11.19.2011

Hardwood Floor Installation

MacKenzie has another floor post planned, but first I thought I'd talk a little about the installation process. I installed 3/4" x 2 1/4" tongue-and-groove unfinished red oak flooring.

Our existing subfloor is 1" x 8" planks. Before starting the install, I replaced a couple of decaying boards and then made sure all the nails were pounded in all the way. Then I laid down 15-lb felt paper. I found different answers online about whether to overlap adjacent pieces and whether or not to staple it down, but I overlapped by 3-4" and stapled.

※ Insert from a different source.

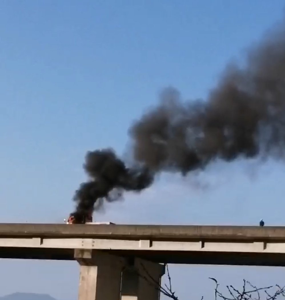 『長崎道の大村湾SAの手前でトラック燃えてた』
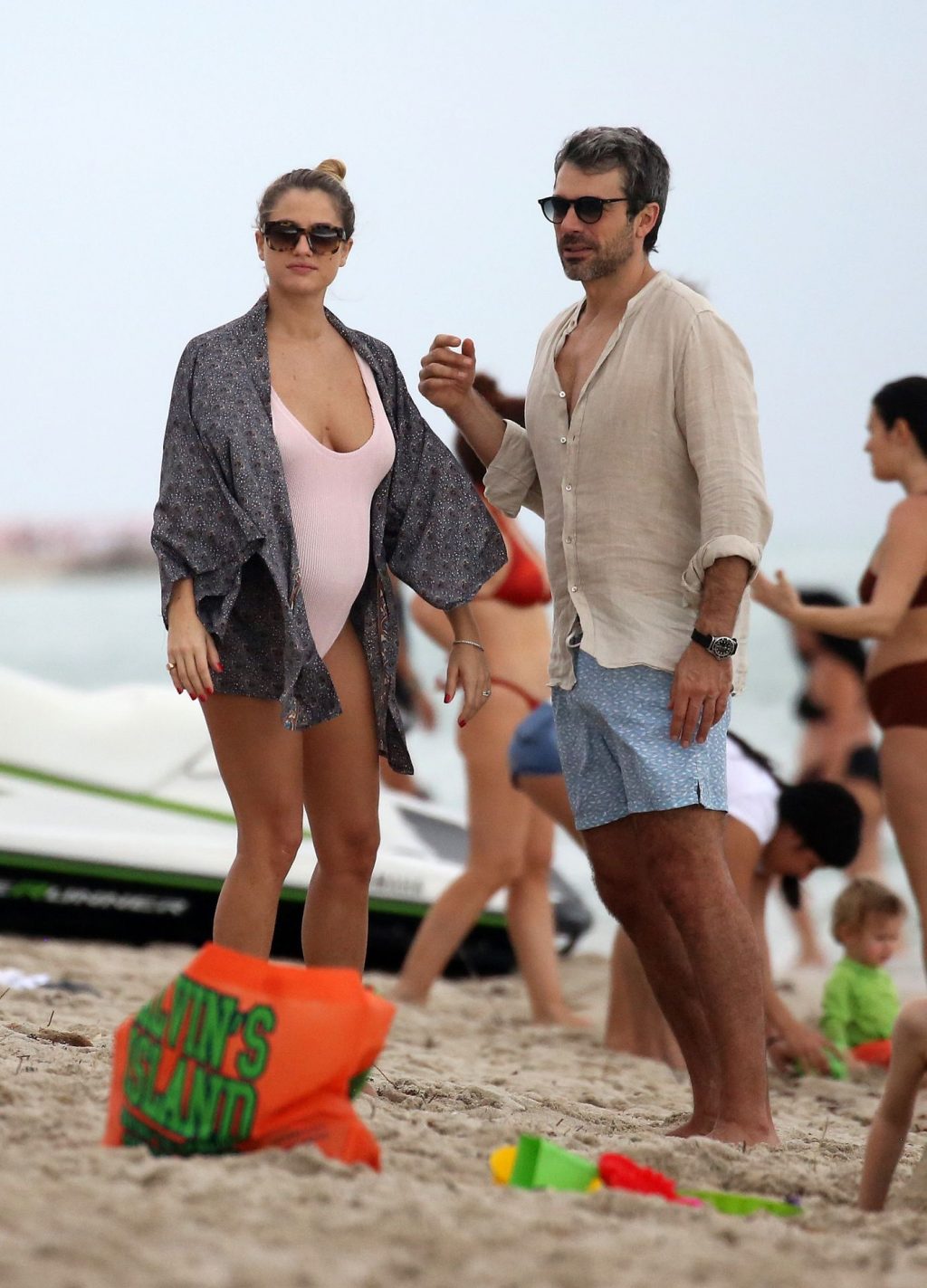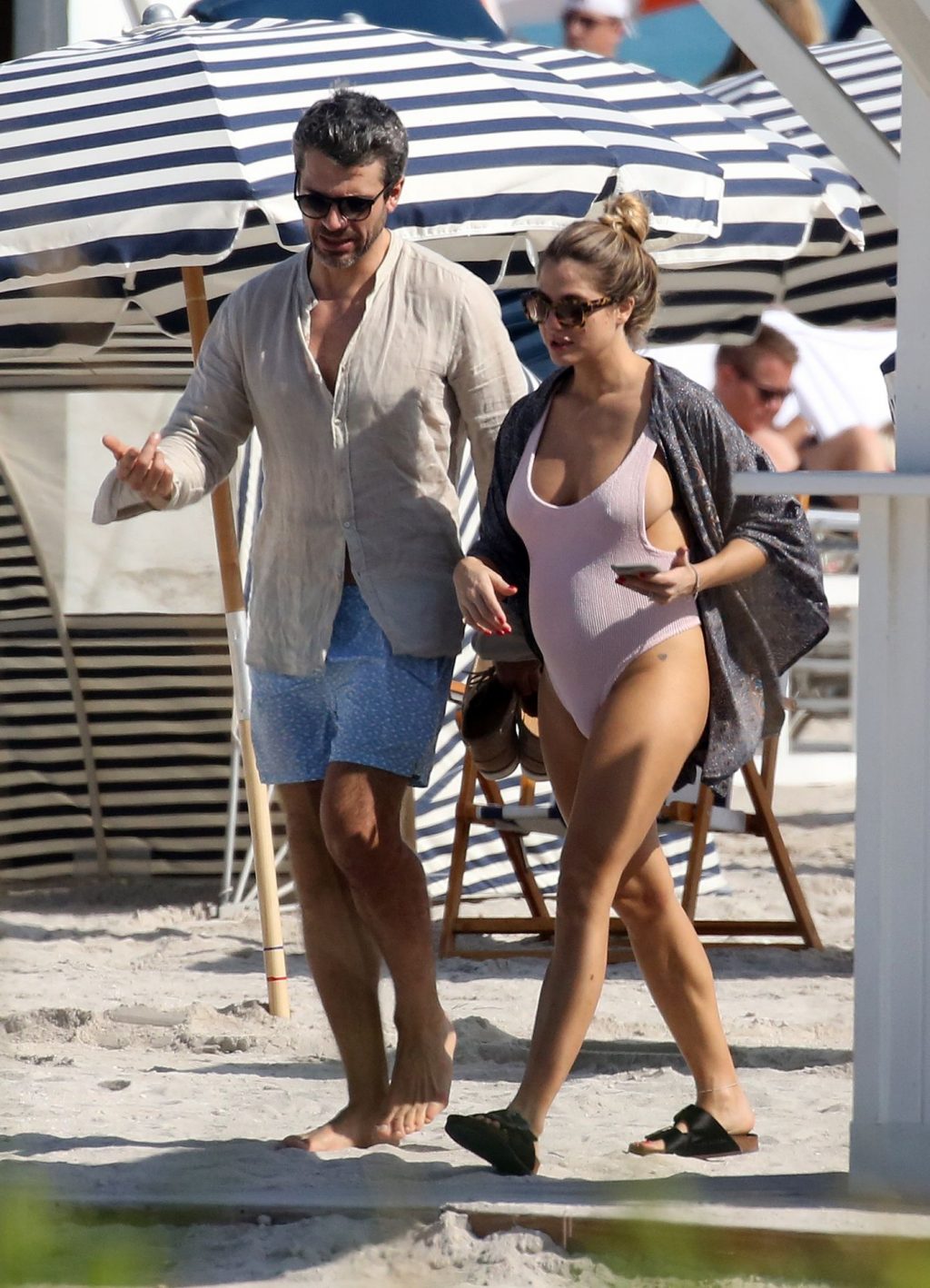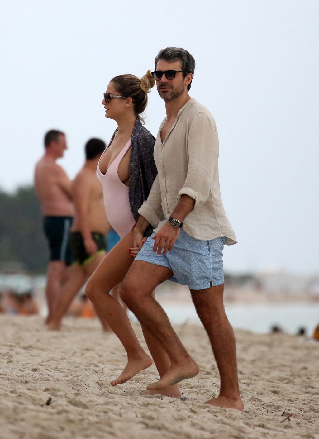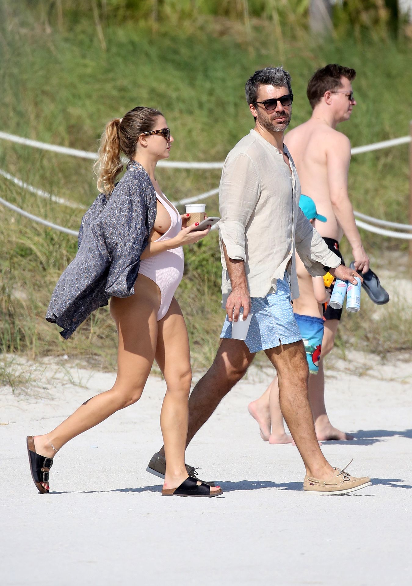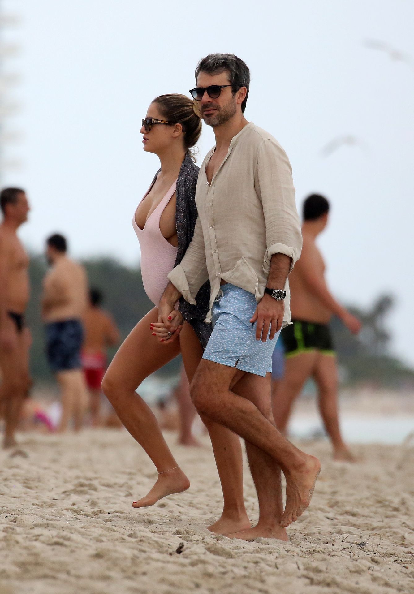 L’attrice Cristina Marino mostra il suo pancione e tutte le sue nuove curve in un costume da bagno molto rivelatore mentre si gode la spiaggia con Luca Argentero a Miami la vigilia di Capodanno, 31/12/2019.

I had the issue of how to transition from the existing wood to the new wood. Ideally, you would interlace the boards, so adjacent boards don't end right next to each other, but that wasn't an option without tearing out boards. So I did as Lumber Liquidators suggested and put one row of flooring perpendicular to the existing floor to serve as a transition strip (visible in photo above). I installed the strip with the tongue facing the new flooring, which was really the only option. Before installing the strip, I had to take a circular saw and cut the existing floor so all pieces ended evenly (a few pieces previously extended a few inches more than the rest). It was not easy to get this straight, but I did what I could using a chalk line.

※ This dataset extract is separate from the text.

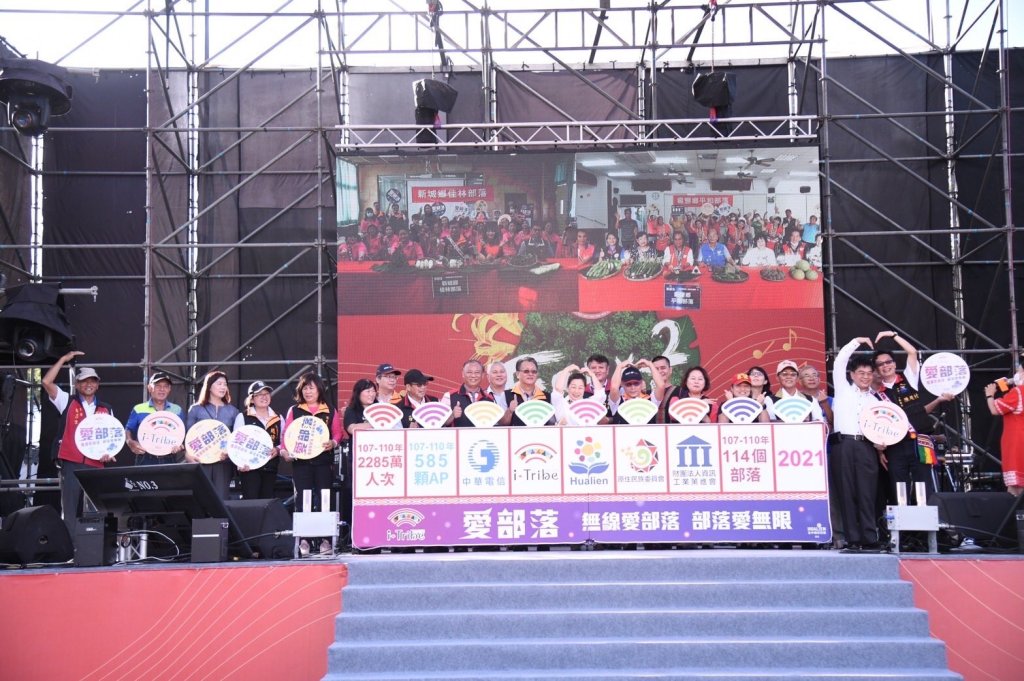 此外,活動中進行愛部落i-Tribe WiFi啟動儀式,分享花蓮縣推動部落免費WiFi計畫成果,服務零時差、無距離。縣長徐榛蔚與眾貴賓現場同步與新城鄉佳林部落及壽豐鄉平和部落進行視訊連線。利用網路無遠弗屆的特性,讓部落長輩、小朋友們隨時隨地享受網路帶來的便利,大幅縮短了城鄉數位的差距。有了免費網路服務,族人在部落能隨時上網行銷、販賣農產品,遊客到部落遊玩「打卡」,也能大幅增加曝光機會,帶動原鄉整體經濟產業發展。

Before installing, to back up a bit, I brought the wood into the kitchen for a few days to allow it to assume room temperature and room humidity. I separated the boards into piles based on size. This helped break up the different bundles I bought, and allow for easy board selection during installation. I also picked out boards that were less than perfect. I used most of these against the west wall, where they will be covered with cabinets.

I began at the west wall by using a chalk line to measure out a line about 1/2" from the wall (this is the expansion gap) I laid out 3 rows of flooring, cutting the ends of the last pieces to make them fit, leaving about 1/2" for expansion along the south wall (this gap will be covered by baseboards). These rows had to be face-nailed by hand (nailed through the top through pre-drilled holes). I had to work around the water pipes for the sink here by making notches in the side of a short piece of wood at both ends.

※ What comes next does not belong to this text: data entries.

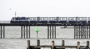 The original wooden pier in Southend was built in 1830 and by 1851 it had acquired a horse-drawn tramway taking people from the promenade to the pierhead. The current pier was built in 1897 and was designed with a two track electric railway to replace the horse-drawn trams on the 1 1/4 mile journey. The original rolling stock was replaced in 1949 with stock similar to that running on the London Underground.
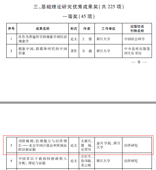 金年会文雁兵教授申报的《用贤则理:治理能力与经济增长——来自中国百强县和贫困县的经验证据》(《经济研究》2020年第3期)获得基础理论研究优秀成果奖一等奖。
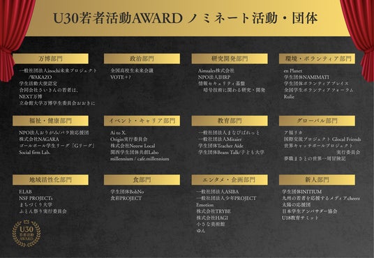 一般社団法人日本若者キャリア支援協会(所在地:東京都渋谷区、代表理事:岩崎聖奈、以下 JYC)は、2025年12月15日(月)、文京シビックセンター 小ホールにて「U30若者活動AWARD2025」表彰式を開催し、全国から選出されたノミネート50団体(12部門)の中から、各部門の最優秀賞・優秀賞および「2025若者活動大賞」を決定・発表いたしました。

I started out trying to do the job with a manual floor nailer that I rented, but I found that the nails wouldn't quite go all the way in. I had to set them by hand, which was slow and occasionally led to bent nails. The nails were more or less unremoveable once placed, unless you take up the board and pound them out from underneath. When necessary, I would generally twist and bend a partially-driven nail to break it off if it had more than 1/2" sticking out.

I then rented a pneumatic nailer, which uses an air compressor to assist the mallet in driving the nail. This one gave me the same problem. I switched to a larger air compressor, thinking that might solve the problem, but it didn't. I thought maybe my floor was too hard, but another return to the rental place to try a different pneumatic nailer proved successful. It wasn't me, after all, it was the tools. With that taken care of, I could proceed. By this time, I had laid out about half the floor, so I just had to go back and nail the rows that were ready to go. I made marks on the east and west walls where the floor joists were, and tried to nail into them when possible, while still maintaining 8-10" nail spacing.


Another obstacle to work around was the vent. We decided to put in a wooden vent that lies flush with the floor, so I had to make it fit by cutting some small pieces (the gap you see below was filled in later).


When I got within about 5 rows of the end, I was no longer able to use the nailer, because there was no room to swing the hammer. I tongue nailed a few rows by hand, but had to face-nail the last two. I had several long boards left at this point (40-50 inches), and I realized this portion of the project would have been easier with shorter boards. Tongue-nailing serves to help push a board flush against the previous row, something that is important with longer boards, because they can be harder to get a close fit with. A large board will overlap several shorter boards, and if these pieces are slightly misaligned, it will affect the fit of the long boards. Tongue-nailing with the nailer usually overcomes this difficulty, but face-nailing does not. So use up your long boards before you get to the end.

My last row ended about 1/2" from the east wall. This was perfect - close enough to be covered by the baseboard, without requiring me to rip (cut longitudinally) the last row. To finish, I had to do the area under the door, ending with stair nosing where the floor steps down into the entry way. I had to file away at the bottom of the door jamb in order to fit pieces under it. To get the stair nosing tight against the next row, I had to file away at the lip underneath so the piece extended further in from the edge (thus slightly reducing the overhang. Here is the installed product:


One more note: when you put your drill down after pre-drilling holes for face-nailing, lay it down instead of standing it up. If you do the latter, and you knock the drill over, it will fall forward and break the bit. I found this out twice.